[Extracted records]
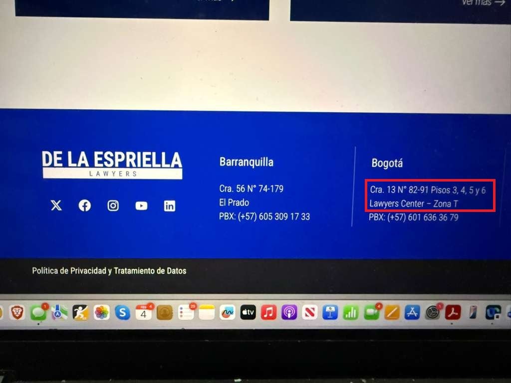 La dirección que la nueva firma de abogados registra en su página web es Carrera 13 # 82-91. La misma dirección de De la Espriella Lawyers en Bogotá.
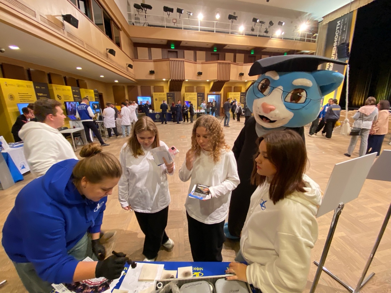 посетителей, которым студенты рассказывают про учебу и студенческую жизнь в нашем вузе!
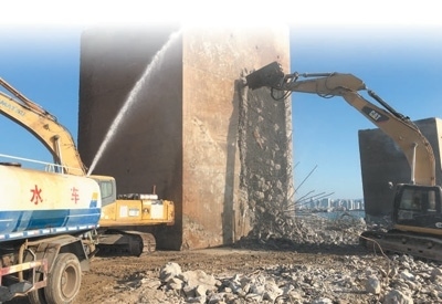 鳳凰島二期工程拆除施工期間,灑水車與挖掘機(jī)同步作業(yè),降塵抑塵。陳傳忠攝
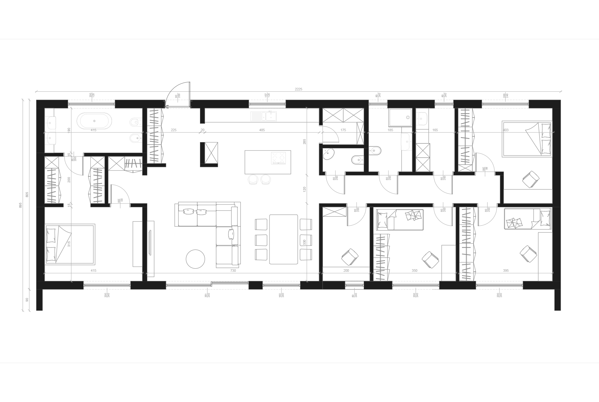 Ekskluzywny dom o powierzchni 148m2 z sześcioma sypialniami i trzema łazienkami. Główna sypialnia z garderobą i prywatną łazienką została usytuowana po przeciwnej stronie domu, co gwarantuje prywatnośc. Przestronny i funkcjonalny układ wnętrz spełni oczekiwania najbardziej wymagających.
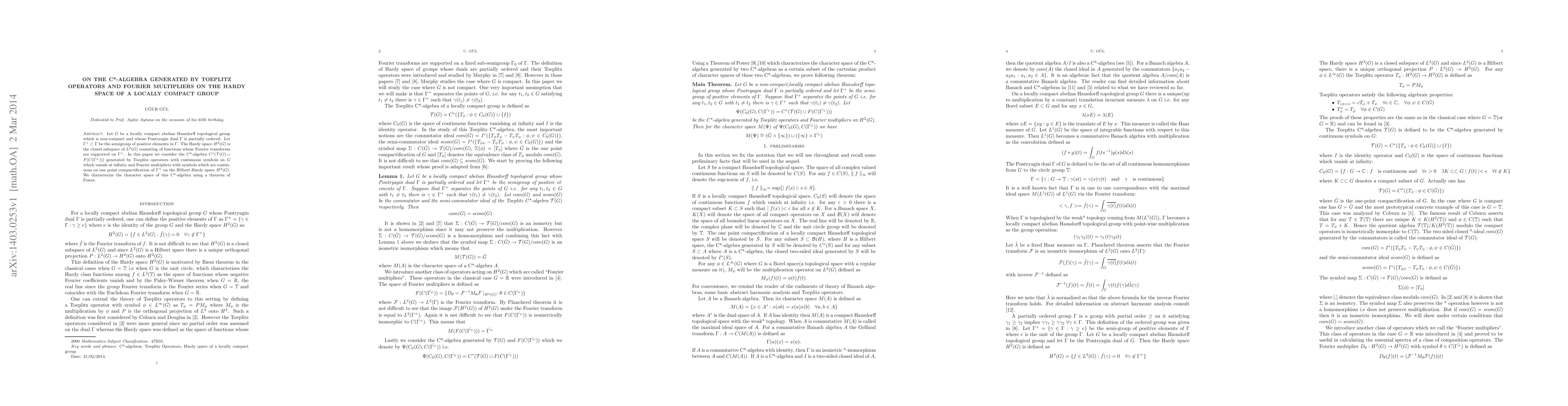 Let $G$ be a locally compact abelian Hausdorff topological group which is non-compact and whose Pontryagin dual $\Gamma$ is partially ordered. Let $\Gamma^{+}\subset\Gamma$ be the semigroup of positive elements in $\Gamma$. The Hardy space $H^{2}(G)$ is the closed subspace of $L^{2}(G)$ consisting of functions whose Fourier transforms are supported on $\Gamma^{+}$. In this paper we consider the C*-algebra $C^{*}(\mathcal{T}(G)\cup F(C(\dot{\Gamma^{+}})))$ generated by Toeplitz operators with continuous symbols on $G$ which vanish at infinity and Fourier multipliers with symbols which are continuous on one point compactification of $\Gamma^{+}$ on the Hilbert-Hardy space $H^{2}(G)$. We characterize the character space of this C*-algebra using a theorem of Power.
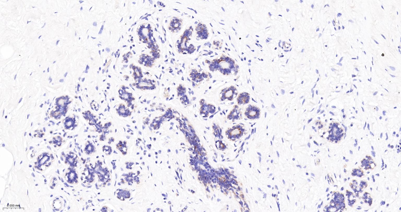 Paraformaldehyde-fixed, paraffin embedded Human Breast; Antigen retrieval by boiling in sodium citrate buffer (pH6.0) for 15 min; The section was incubated with Stromal interaction molecule 1 Monoclonal Antibody, Unconjugated (bsm-61325R) at 1:200 overnight at 4°C, followed by conjugation to the bs-0295G-HRP and DAB (C-0010) staining.
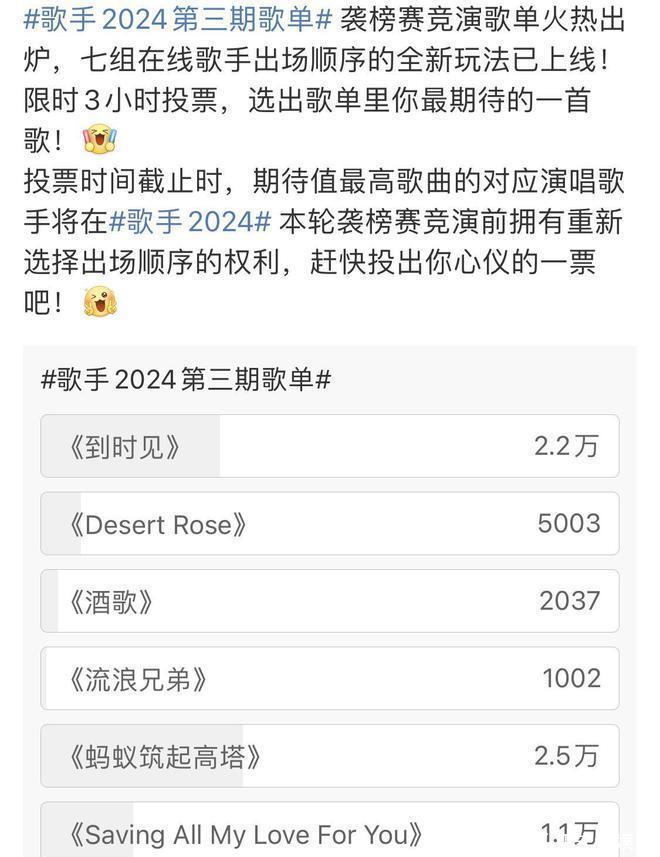 《歌手2024》第三期歌单也曾在官方曝光,网友驱动投票皇冠棋牌,投票第又名的歌曲演唱的歌手会有权先挑选出场端正。

### Aim of the task
Each entry must be reproduced word for word, and any image among them left out.

### Your response
 La dirección que la nueva firma de abogados registra en su página web es Carrera 13 # 82-91. La misma dirección de De la Espriella Lawyers en Bogotá.
 посетителей, которым студенты рассказывают про учебу и студенческую жизнь в нашем вузе!
 鳳凰島二期工程拆除施工期間,灑水車與挖掘機(jī)同步作業(yè),降塵抑塵。陳傳忠攝
 Ekskluzywny dom o powierzchni 148m2 z sześcioma sypialniami i trzema łazienkami. Główna sypialnia z garderobą i prywatną łazienką została usytuowana po przeciwnej stronie domu, co gwarantuje prywatnośc. Przestronny i funkcjonalny układ wnętrz spełni oczekiwania najbardziej wymagających.
 Let $G$ be a locally compact abelian Hausdorff topological group which is non-compact and whose Pontryagin dual $\Gamma$ is partially ordered. Let $\Gamma^{+}\subset\Gamma$ be the semigroup of positive elements in $\Gamma$. The Hardy space $H^{2}(G)$ is the closed subspace of $L^{2}(G)$ consisting of functions whose Fourier transforms are supported on $\Gamma^{+}$. In this paper we consider the C*-algebra $C^{*}(\mathcal{T}(G)\cup F(C(\dot{\Gamma^{+}})))$ generated by Toeplitz operators with continuous symbols on $G$ which vanish at infinity and Fourier multipliers with symbols which are continuous on one point compactification of $\Gamma^{+}$ on the Hilbert-Hardy space $H^{2}(G)$. We characterize the character space of this C*-algebra using a theorem of Power.
 Paraformaldehyde-fixed, paraffin embedded Human Breast; Antigen retrieval by boiling in sodium citrate buffer (pH6.0) for 15 min; The section was incubated with Stromal interaction molecule 1 Monoclonal Antibody, Unconjugated (bsm-61325R) at 1:200 overnight at 4°C, followed by conjugation to the bs-0295G-HRP and DAB (C-0010) staining.
 《歌手2024》第三期歌单也曾在官方曝光,网友驱动投票皇冠棋牌,投票第又名的歌曲演唱的歌手会有权先挑选出场端正。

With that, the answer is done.